Segment Start: Input material

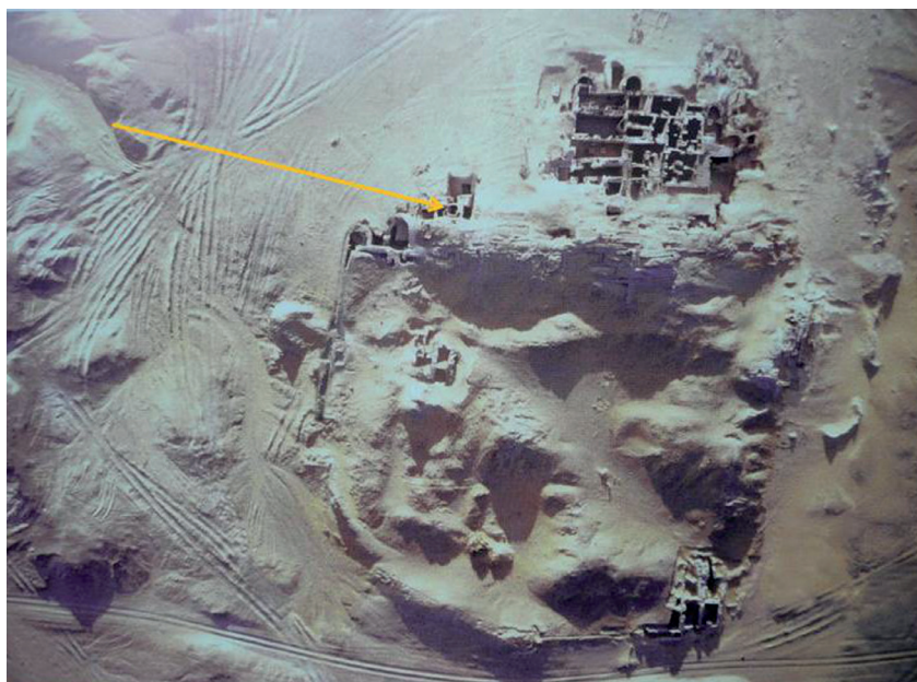
Fig. 8. Monastery compound on kom H in Old Dongola
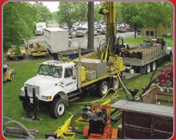
■ Preparation for large diameter multi-cased deep environmental exploration in artesian conditions.
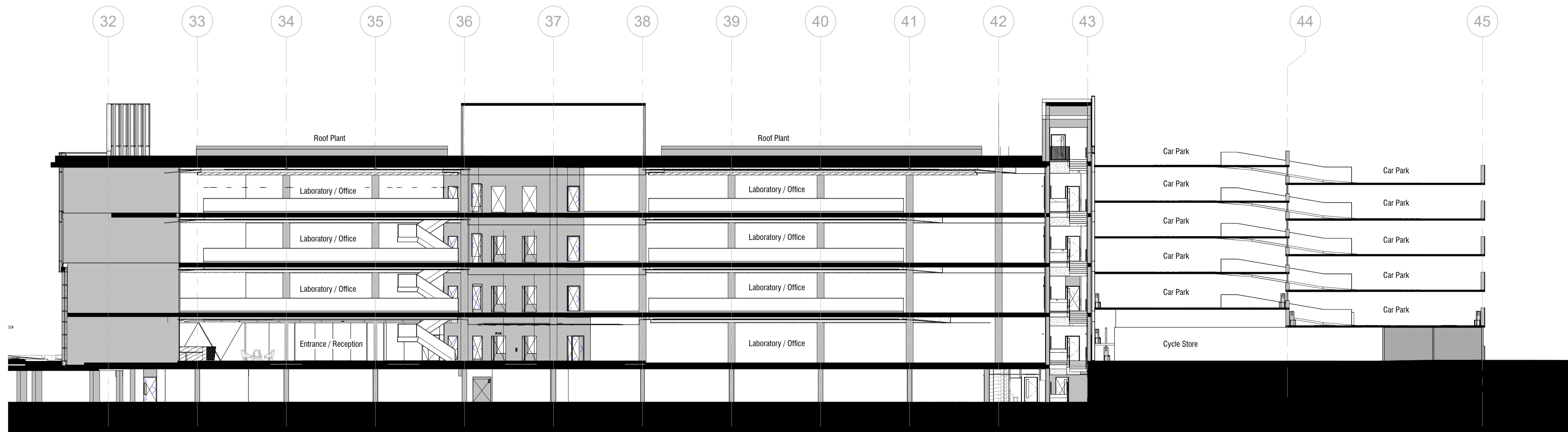
BB PROPOSED BUILDING 3 - GA SECTION BB 1:200
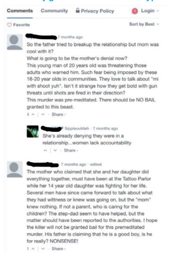
Figure 1: Snapshot showing the media reporting - audience interpretation dynamic and its linkage with the perpetuation of discriminatory gender norms and stereotypes.

Media framing analysis leverages both a broader gender analysis, as well as considerations related to how gender and other norms, as well as GBV, manifest in a particular context. For instance, references to substance use, the clothing worn by a victim, or suggestions pertaining to sexual activity are widely acknowledged as contributing to the dehumanization of GBV victims everywhere; whereas context specific references might be the use of 'marera' to refer to a victim of femi[ni]cide in Central America, which would suggest to the audiences that the victim was involved with/linked to gang members (see Fuentes 2020a). As an example of the dynamic between story framing and interpretation by the readers, see Figure 1. We note that framing of the story implied blame on the mother of the victim, and readers comments show that indeed, and inadvertently the blame was shifted from the perpetrator to the mother of the victim, "mother was cool with it", and perpetuated gender biases like "women lack accountability."
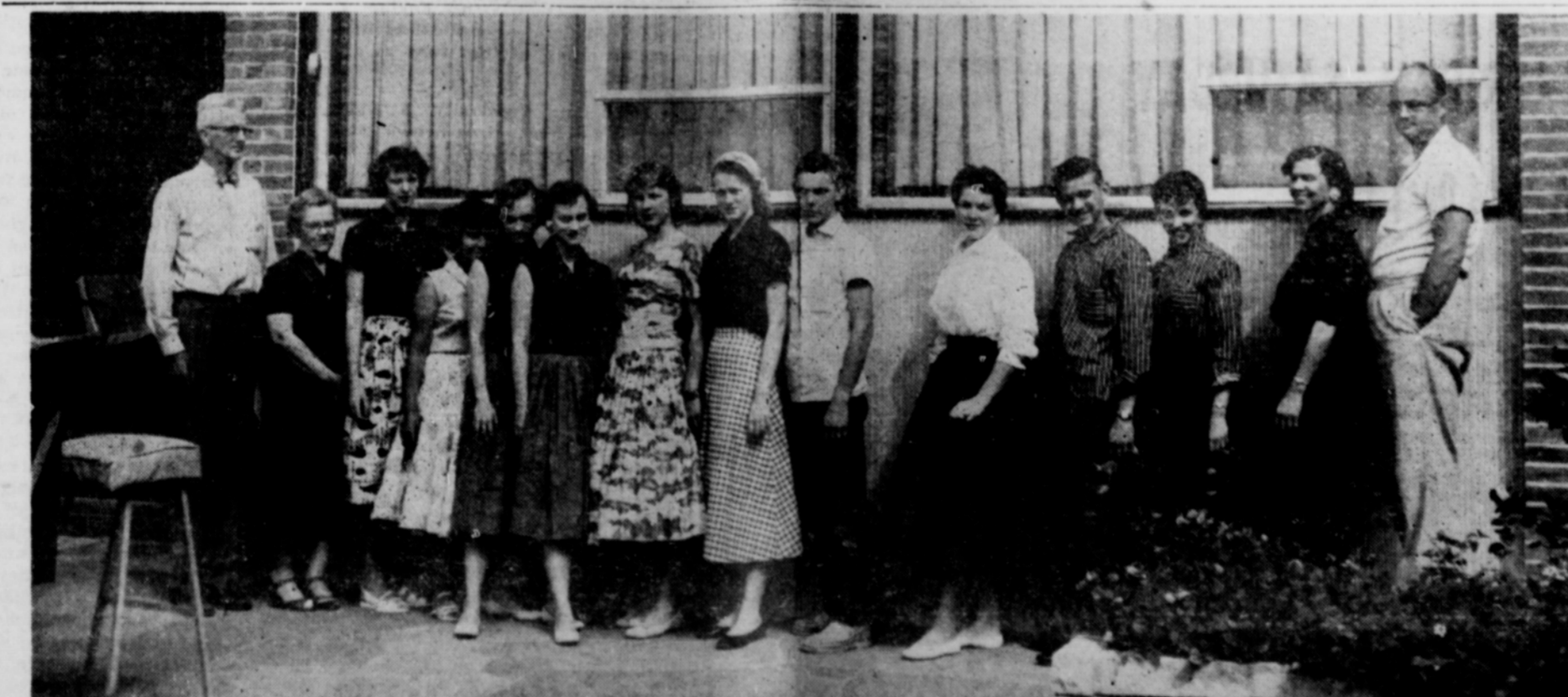
THOSE WERE HAPPY TIMES — Putnam high school graduates recently added another happy memory to their final semester of school. It was a trip to the Gulf of Mexico and a most enjoyable three day stay at the Jack Tar Hotel in Galveston. Pictured above are those who made

Deadline for filing for county and state offices in time to have name printed on the official ballots to be used in the July primary, passed at midnight Monday, May 7.
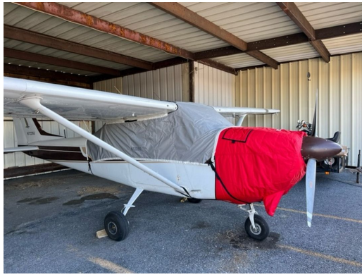
Cessna 172K Insulated Engine Cover, Travel Weight Canopy Cover

Segment End: Input material

Task
The lines wanted run from the first one in the material above through the line containing "BB PROPOSED BUILDING 3 - GA SECTION BB 1:200"; give them again exactly, leaving out the pictures.

Written response
Fig. 8. Monastery compound on kom H in Old Dongola
■ Preparation for large diameter multi-cased deep environmental exploration in artesian conditions.
BB PROPOSED BUILDING 3 - GA SECTION BB 1:200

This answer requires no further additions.